Dear
Philip,
We own a small house in a beach town. At least a few times every summer, I am
“guilted” into letting someone I barely know use the house. Sometimes it’s a friend of a friend, or one
of our relatives’ friends. Last month it
was someone I know through my exercise class.
More than once, these people that my husband
and I don’t really know very well (or at all) have damaged or broken something
in the house, and either not said anything or insisted it was broken when they
got there. My husband wishes I would
stop loaning the house to “near strangers,” but nothing major has ever happened
and I feel an obligation to share the things we’re fortunate enough to
have. Am I wrong?
Soft Touch
Dear Soft,
How interesting
that you use the concepts of guilt and obligation interchangeably. (Mom?
Is that you?)
Actually, the joke
I should have made is ‘Honey, is that you?,’ because this exact argument has
gone on in my house, over a tiny place we rent.
A place where in the past year alone we’ve had to fix the washing
machine, replace one set of sheets and two bike tires, and placate an angry
neighbor. All because my bride shares
your difficulty in distinguishing guilt from obligation.
Like you, Soft, my
bride also has a generosity of spirit that is laudable…even if it can get
expensive. Like you, she’s right that
good fortune comes with an obligation to be generous. The problem you both seem to have is with understanding
the prudent limits of that obligation.
Take a step back,
and think about the folks you and your husband consider good friends. Would any of them treat your house carelessly
or just walk away from any damage they might accidentally do while staying in
it? Didn’t think so. That’s part of why they’re your friends: they
share your values. If one of them were
to leave the upstairs tub to overflow, and then insist that the water damage in
your kitchen ceiling was already there, that friendship would likely be over
before the estimate for ripping out the plasterboard came in.
Your assumptions
about values shouldn’t extend to the relatives of your friends, or folks who
work out on the next mat over, though.
Neither should your sense of obligation when it comes to doling out the
use of your home.
Last summer,
Christina was introduced to the cousin of a friend of hers at a cookout. The cousin had absolutely no problem – once
Christina had let on that we’d be skipping a weekend at the beach because of an
obligation at home – asking if she could use our place. Put on the spot, Christina said, “Of
course.” The cousin proceeded to invite
another woman and her children along…and then to shove every towel the kids
used over the weekend into the washing machine.

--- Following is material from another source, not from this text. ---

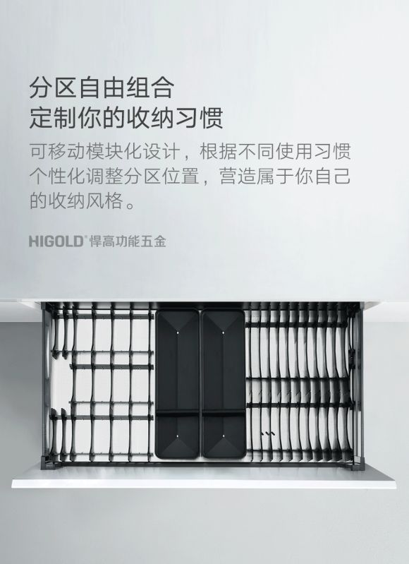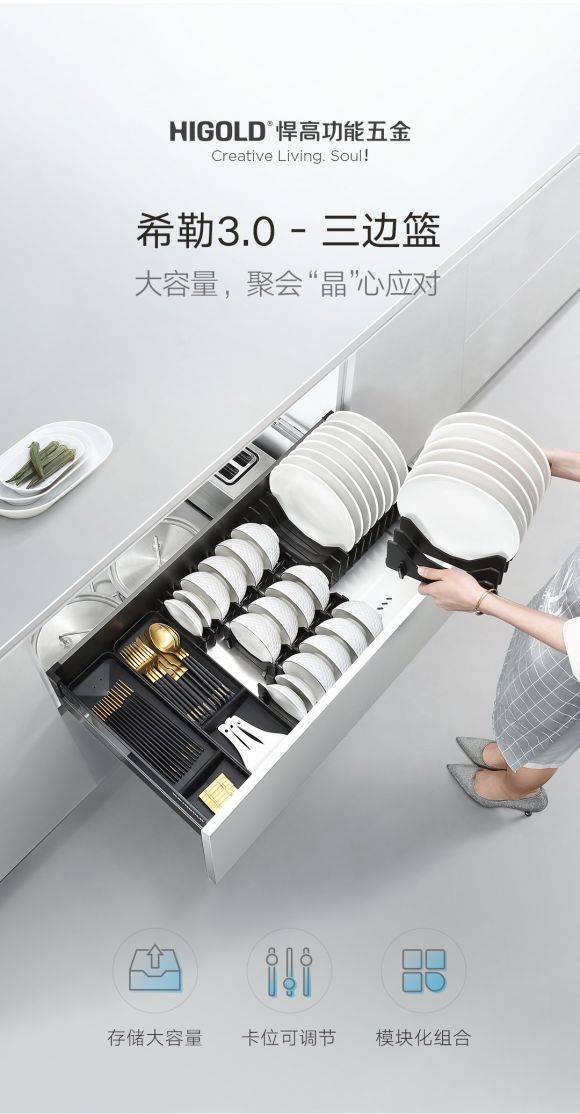 希勒3.0·碗碟三边篮,容量升级、满足家庭聚会、家宴派对等大型用餐需求。三边篮内置的卡位都可调节,轻松应对大小碗碟。900柜体可最大容量36件碗碟,可移动模块化设计,根据不同使用习惯个性化调整分区位置,营造属于你自己的收纳风格。
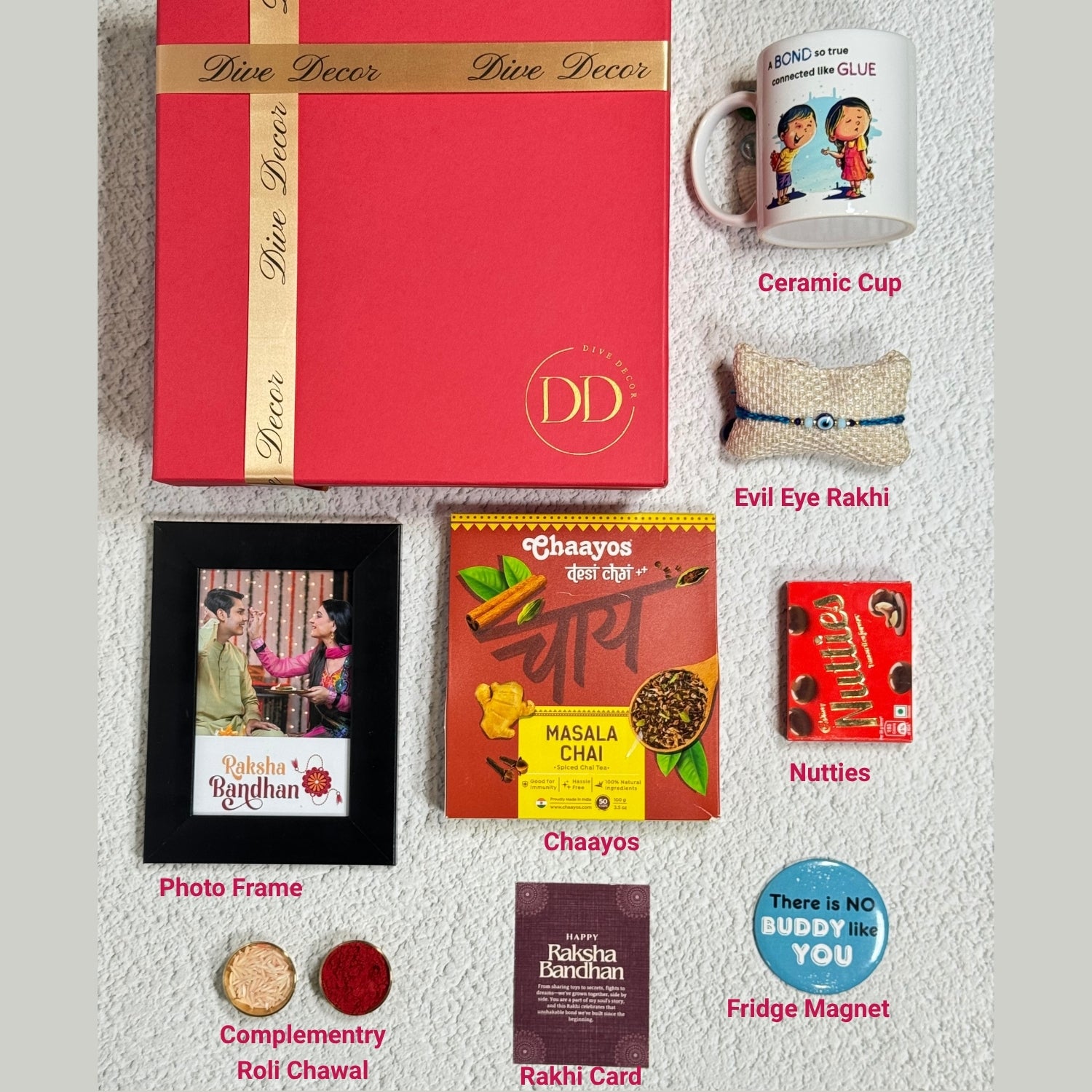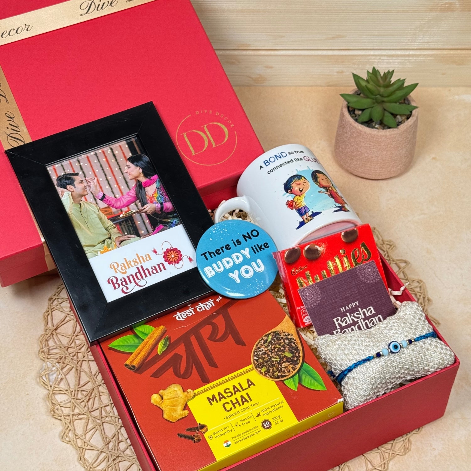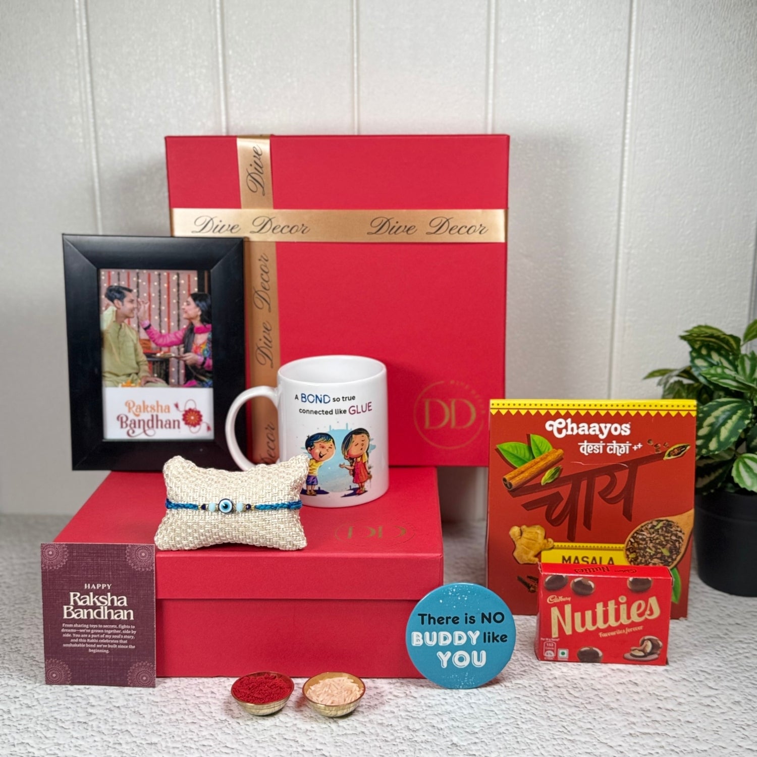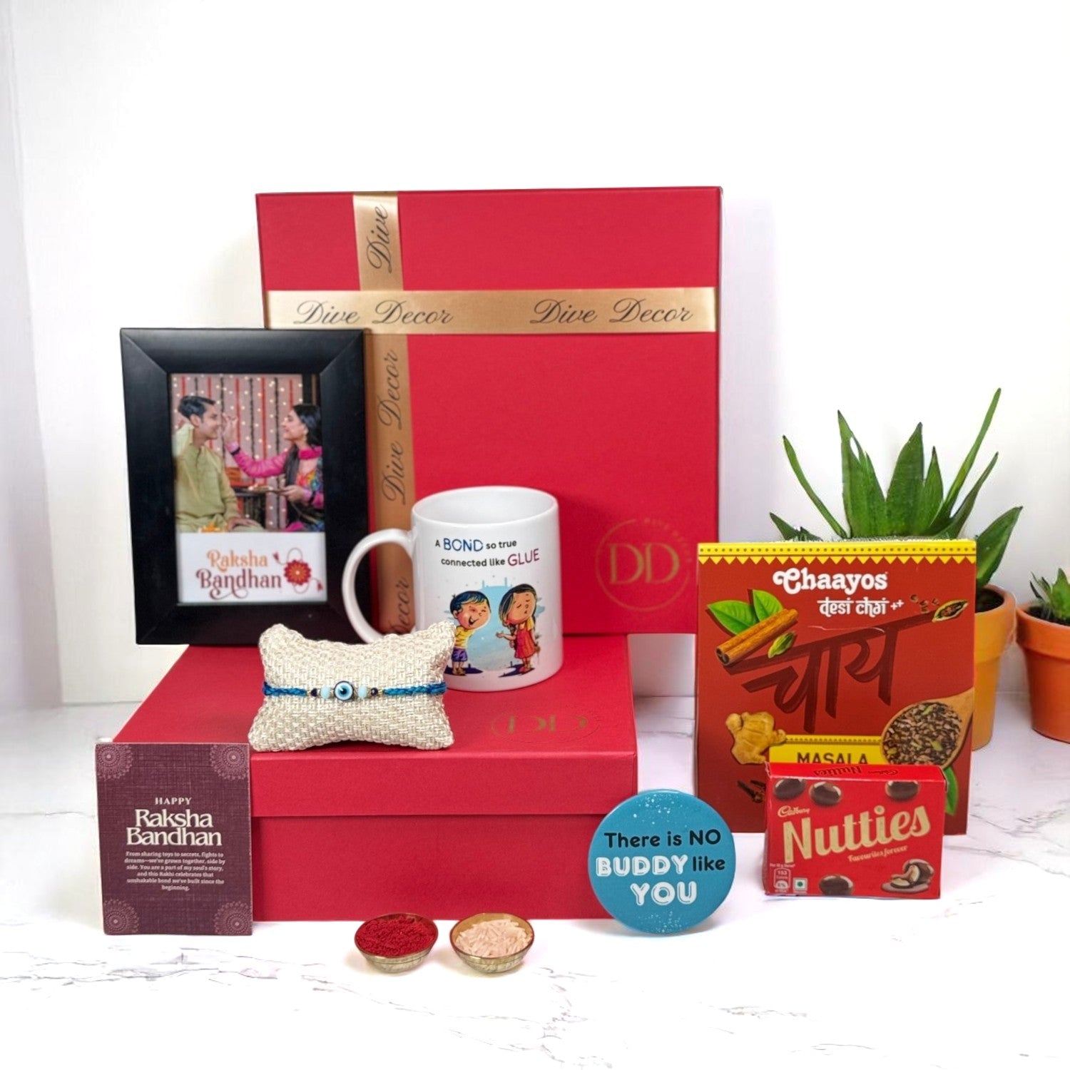 Celebrate the timeless bond of love with Dive Decor's Raksha Bandhan Gift Hamper – a thoughtfully curated blend of tradition and emotion. Each hamper is beautifully packed with festive essentials and heartfelt keepsakes, making it the perfect gift to cherish your sibling connection.

At the same time. Though it
probably put up a hell of a fight, the overloaded appliance died somewhere
during the spin cycle. Here’s the exact
message we got: “Your washing machine
isn’t working.”
The punch line is
that when Christina’s friend found out what happened, she said, “Why on earth
would you loan your place to her?”
Which suggests a
rule of thumb, Soft: when it comes to sharing things of real value, put your
faith in your friends.
As for getting
cornered by a relative stranger (or the relative of a friend, for that matter)
asking to borrow your house, look at it this way: would you ever have – what’s
a polite word here? – the chutzpah to
do that? Of course you wouldn’t, so have
no qualms about following my one-word advice when dealing with such
people. Lie. Lie like the rug they’d probably ruin without
telling you: “So sorry, the house is spoken for, that weekend. Actually, we’re full up all summer.”